Early to spot demand for emerging categories such as body care with its cult Brazilian Bum Bum Cream and affordable fragrance via body sprays, the brand has cultivated a devoted Millennial, Gen-Z and increasingly Gen-Alpha customer base with on-trend product and a wholesale-centric retail model. It has expanded to a full-fledged body care brand with a growing number of categories, including its Rio Radiance sunscreen, which launches this month.
“Early on, when we launched the Bum Bum Cream, some sceptics thought, ‘Oh, it’s another hot [one-hit wonder]. It will be gone in two years.’ But it’s not going anywhere, and it’s inspired a lot of other products,” said Sol de Janeiro co-founder and chief executive Heela Yang. Yang, a former Clinique marketing executive, co-founded the brand with Camila Pierotti and Marc Capra in 2015.
Before its fragrance frenzy, Sol de Janeiro’s initial rise came from its novel approach to body care. It combined tropical scents and colourful branding to upend the idea that cellulite creams were an embarrassing secret meant to be hidden in one’s bathroom cabinet. Touting skin-firming benefits, the Bum Bum Cream was its sole first product.

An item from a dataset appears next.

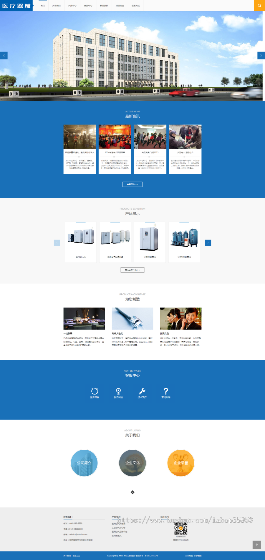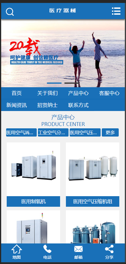 (带手机安卓版数据库同步)空气医疗机械类网址织梦网站模板 深蓝色医疗器械网站源代码
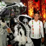 Ciudad Victoria, Tamaulipas.- En un ambiente impregnado por el aroma de la flor de cempasúchil, el pan de muerto y las luces de las velas, el gobernador Américo Villarreal Anaya y la presidenta del Sistema DIF Estatal, María de Villarreal presidieron la premiación del concurso estatal de catrinas y catrines "Almas Tamaulipecas" y la muestra del altar monumental del Día de Muertos en las escalinatas de Palacio de Gobierno .

“The magic is, with Sol, it’s not just ‘problem-solution.’ It’s ‘problem-solution, but have fun, enjoy, make it a sensorial experience,’” said Alicia Sontag, a partner at private equity firm Prelude Growth Partners, which invested in the brand in 2019.
Yang’s inspiration for the brand came from beach life in Brazil, where “so many shapes, all sizes, all colours, all ethnicities” readily flaunted their figures. She relocated to Rio de Janeiro in 2008 with her husband, who took a job with his family’s business there.
“My passion was not, ‘How can I create the most amazing firming cellulite cream?’ That was not my intention. We ended up there because we decided that body care was the perfect category to help us really spread this message about this positivity head to toe,” she said.
Using the hashtag #FlauntIt, the brand’s ethos was a perfect match for the proliferation of bikini photos on Instagram at the time, especially those taken from behind. Its early feed was filled with photos of swimsuit models and peach emojis, conjuring aspirational thoughts of vacation photos rather than one’s problem areas. That bold branding also helped it stand out on store shelves at a time when beauty startups were opting for minimalist direct-to-consumer websites. Sol de Janeiro heavily prioritised wholesale, launching in Sephora less than a year after its debut.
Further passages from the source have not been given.